Motivation

This page describes my personal motivation that led to the PULC project.

The motivation

From a very early age, I was fascinated by the notion of an artificial device that exhibits intelligence through behaviors such as understanding language, making decisions, exhibiting personal opinions and preferences, etc. The thought that there is an object that on the one hand is intelligent and really understands me but on the other hand is just a machine that humans built exuded an air of almost mystical and spiritual mystery and fascination on my imagination.

As a kid watching “The Transformers” on TV as well as “Star Trek: The Next Generation” (Lt. Commander Data was my favorite character) and reading Asimov‘s robot stories, I was really excited about the idea of becoming a scientist who builds and programs such artifacts. I imagined that as in Asimov’s stories, I would come in the morning to the lab where there would already be an intelligent robot, and I would have a conversation with it which would be a lot of fun. At some point, the robot, being imperfect, would say something strange and that would be amusing, and then I would poke around in the robot’s brain and fix the problem.

Of course, I was very naive. As a kid, it didn’t occur to me that all this is just fiction, and in reality, humans don’t know yet how to build such artifacts. So when I later studied Artificial Intelligence, I got a little disappointed, because I had expected to be taught how to build a Data, but all I was taught and read about was very basic things. Still, the spark from my early days did not disappear, and it led me to pursue the current research direction.

One approach: harvesting natural phenomena to advantage

There are many areas of engineering that face complicated natural phenomena. What engineers usually do in those areas is try to gain some benefits from them by various means, first trying to pick the low hanging fruit, and gradually find more sophisticated ways to gain advantages from the phenomena. The latter is done by using more sophisticated models that are often adaptations of scientific theories. The scientists themselves model the phenomena initially using simple approximations and then gradually making the models more sophisticated.

As an example in engineering, consider oil extraction. At first, the easiest thing is to go to those places that have large concentrated repositories of oil, and just pump it out. After these sources are exhausted, more advanced technology needs to be developed to allow the pumps to reach the repositories that are harder to reach, or to allow the extraction of oil from less pure sources, or to increase the efficiency of the process, and so on.

Natural Language is a very complicated phenomenon.
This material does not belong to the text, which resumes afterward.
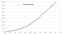 De acuerdo a la Raspberry Pi Foundation, más de cinco millones de Raspberry Pi fueron vendidas en febrero de 2015, haciéndola la computadora británica mejor vendida. En noviembre de 2016 vendieron once millones de unidades,[10][11] y 12.5 millones en marzo de 2017, haciéndolo el tercer mejor vendido "computador de propósito general".[12] En julio de 2017, las ventas alcanzaron cerca de 15 millones.[13] En marzo de 2018, las ventas alcanzaron 19 millones.[14]
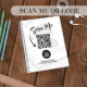 This design features a business custom notebook, with an add your logo, QR code, social media, with a scan me, connect with us, a simple minimalist, modern, corporate, minimal style.

So one way to deal with it is by the same approach. From a scientific perspective, one could first devise crude statistical models of the most easy-to-predict aspects of language or of the most frequent phenomena, and then gradually refine them. From an engineering perspective, one could view the huge collection of text that exists out there as a huge resource and think up various ways that it could be “mined”, “harvested”, and exploited to advantage. One example is internet search engines. The low-hanging fruit is to use just keyword strings to filter documents. That’s obviously a very crude method. Then a bit more knowledge about words and morphology could be used. That’s still a very crude method, but it improves the quality of the yield a bit, and so on.

Real understanding

This kind of endeavor is not quite what I dreamed about when I was a kid. I did not dream about some device that merely exploits natural language data in some way or another for some useful purpose (although I obviously want to use such devices if they exist, e.g. I benefit very much from having better search engines and email spam filters). What I always dreamed about was a device that gives me the feeling it really understands me. Now that I know it is so much harder to do than I thought as a kid, I revise my goal. Not by abandoning my dream, but by narrowing it down. The purpose of the PULC project is still to make the computer really understand the user’s wishes and do it well, although it’s ok if that means the computer could do only a very small number of things.

A good example of such an application is a dialogue system on a particular topic that employs a textual interface. In such cases, it is quite possible to build very high quality devices that really understand what you are saying to them and what the goal or task you want to achieve is. This can be done by collecting many examples of conversations you want to have with the computer, and analyzing them fully, figuring out all the knowledge needed for these exact conversations to take place, and putting it all in the computer. At any stage, what the system can already do, it does very well, but there may be additional input sentences that the system does not yet understand. By using an interactive process of interacting with the system, finding its gaps in understanding, and adding more knowledge to deal with those gaps, a very high quality system can be constructed, that addresses almost all possible conversations on that particular topic.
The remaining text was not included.